Istighfar adalah memohon agar Allah Subhanahu wata’ala memelihara kita dari akibat-akibat dosa. Oleh karena itu Dallam Al-qur’an disebutkan: “Allah tidak akan menurunkan azab kepada mereka selama mereka beristighfar.” (QS. Al-Anfal:33)
Karena itu, perbanyaklah istighfar supaya akibat-akibat dosa tidak menimpa kita. Nabi Shallallahu alaihi wasallam saja sering beristighfar. Sekali duduk beliau beristighfar sampai tujuh puluh kali. Dalam riwayat lain disebutkan seratus kali.

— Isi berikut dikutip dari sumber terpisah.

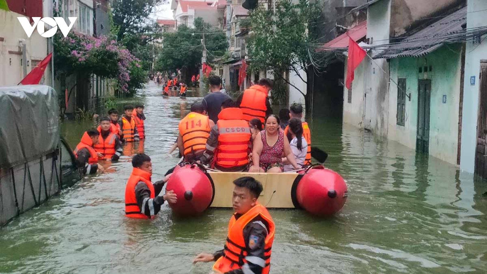 VOV.VN - Trên địa bàn huyện Quốc Oai, TP Hà Nội xảy ra mưa vừa, mưa to gây ngập úng, thiệt hại nhiều tài sản của bà con. Mưa lũ cũng khiến 1 người bị cuốn trôi.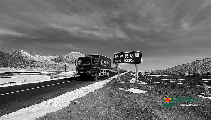 正在翻越达坂的中国邮政运输车。图片由哨所官兵提供

Wirid kita adalah istighfar. Bila dosa itu terhadap Allah Subhanahu wata’ala, kita harus melakukan istighfar dan taubat. Kita memohon kepada Allah agar Dia tidak menghukum kita karena dosa-dosa kita dan melepaskan dosa-dosa yang kita lakukan. Kalau dosa kita itu kepada makhluk kita juga beristighfar dan taubat, dan meminta maaf kepada orang yang telah kita dhalimi.
Kalau masih ada perasaan seperti jengkel, tidak senang dan marah, berarti Anda belum memaafkan secara tulus.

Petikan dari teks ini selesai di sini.